Accessing large datasets with Python 3.6, psycopg2 and pandas

4.7k Views Asked by At

I am trying to pull a 1.7G file into a pandas dataframe from a Greenplum postgres data source. The psycopg2 driver takes 8 or so minutes to load. Using the pandas "chunksize" parameter does not help as the psycopg2 driver selects all data into memory, then hands it off to pandas, using a lot more than 2G of RAM.

To get around this, I'm trying to use a named cursor, but all the examples I've found then loop through row by row. And that just seems slow. But the main problem appears to that my SQL just stops working in the named query for some unknown reason.

Goals

  • load the data as quickly as possible without doing any "unnatural acts"
  • use SQLAlchemy if possible - used for consistency
  • have the results in a pandas dataframe for fast in-memory processing (alternatives?)
  • Have a "pythonic" (elegant) solution. I'd love to do this with a context manager but haven't gotten that far yet.

    /// Named Cursor Chunky Access Test
    import pandas as pd
    import psycopg2
    import psycopg2.extras
    
    /// Connect to database - works
    conn_chunky = psycopg2.connect(
        database=database, user=username, password=password, host=hostname)
    /// Open named cursor - appears to work
    cursor_chunky = conn_chunky.cursor(
        'buffered_fetch', cursor_factory=psycopg2.extras.DictCursor)
    cursor_chunky.itersize = 100000
    
    /// This is where the problem occurs - the SQL works just fine in all other tests, returns 3.5M records
    result = cursor_chunky.execute(sql_query) 
    /// result returns None (normal behavior) but result is not iterable
    
    df = pd.DataFrame(result.fetchall()) 
    

The pandas call returns AttributeError: 'NoneType' object has no attribute 'fetchall' Failure seems due to named cursor being used.

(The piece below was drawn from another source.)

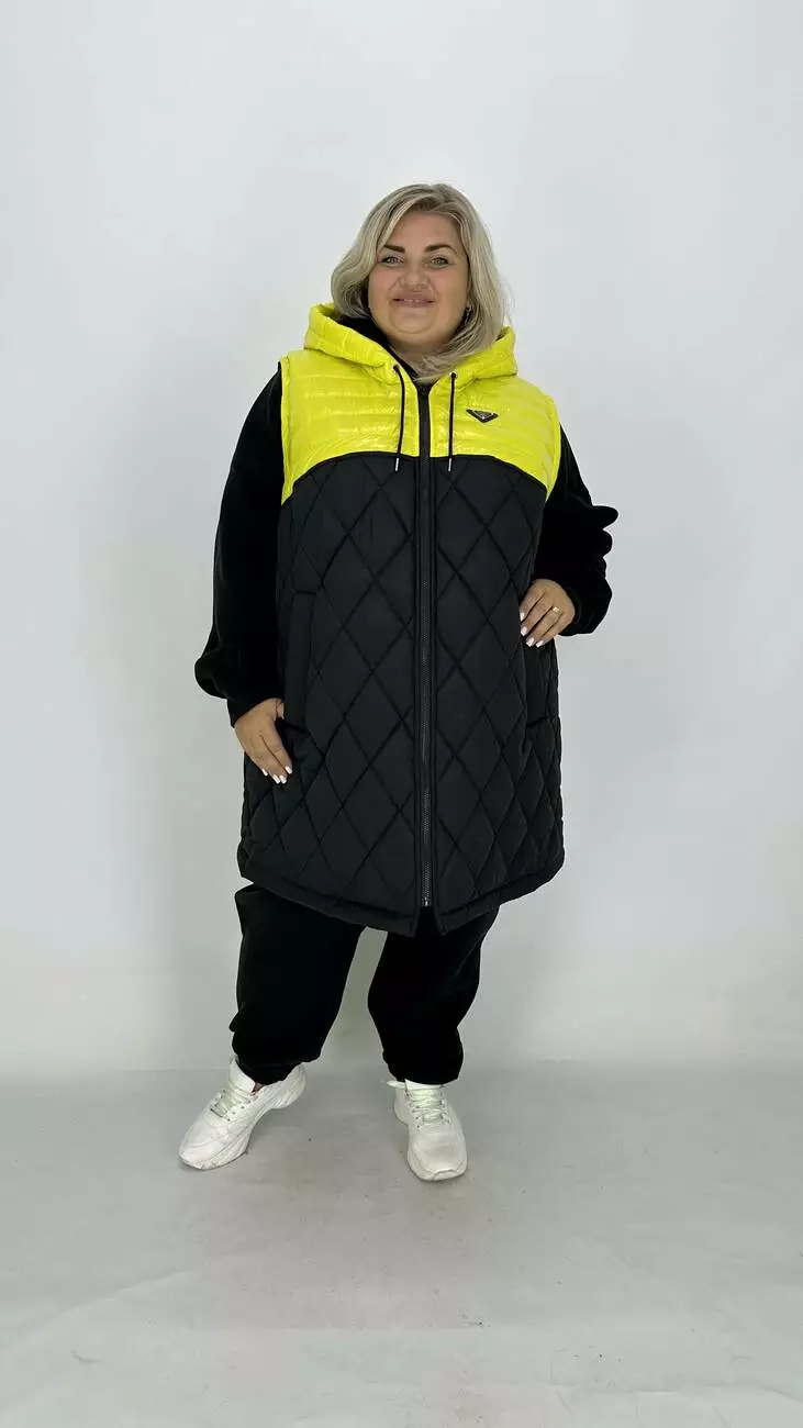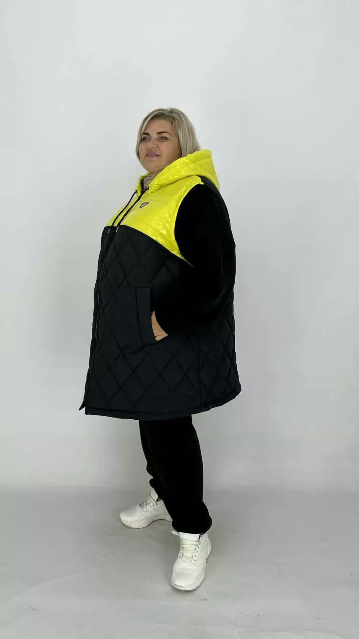Стильний жилет вільного крою з капюшоном, кишені листочки, застібка змійка

Have tried fetchone, fetchmany, etc. Note the goal here is to let the server chunk and serve up the data in large chunks such that there is a balance of bandwidth and CPU usage. Looping through a df = df.append(row) is just plain fugly.

See related questions (not the same issue):

Added standard client side chunking code per request

nrows = 3652504
size = nrows / 1000
idx = 0
first_loop = True
for dfx in pd.read_sql(iso_cmdb_base, engine, coerce_float=False, chunksize=size):
    if first_loop:
        df = dfx
        first_loop = False
    else:
        df = df.append(dfx,ignore_index=True)
1

There are 1 best solutions below

9
On

UPDATE:

#Chunked access
start = time.time()
engine = create_engine(conn_str)
size = 10**4
df = pd.concat((x for x in pd.read_sql(iso_cmdb_base, engine, coerce_float=False, chunksize=size)),
               ignore_index=True)
print('time:', (time.time() - start)/60, 'minutes or ', time.time() - start, 'seconds')

OLD answer:

I'd try to read data from PostgreSQL using internal Pandas method: read_sql():

from sqlalchemy import create_engine
engine = create_engine('postgresql://user@localhost:5432/dbname')

df = pd.read_sql(sql_query, engine)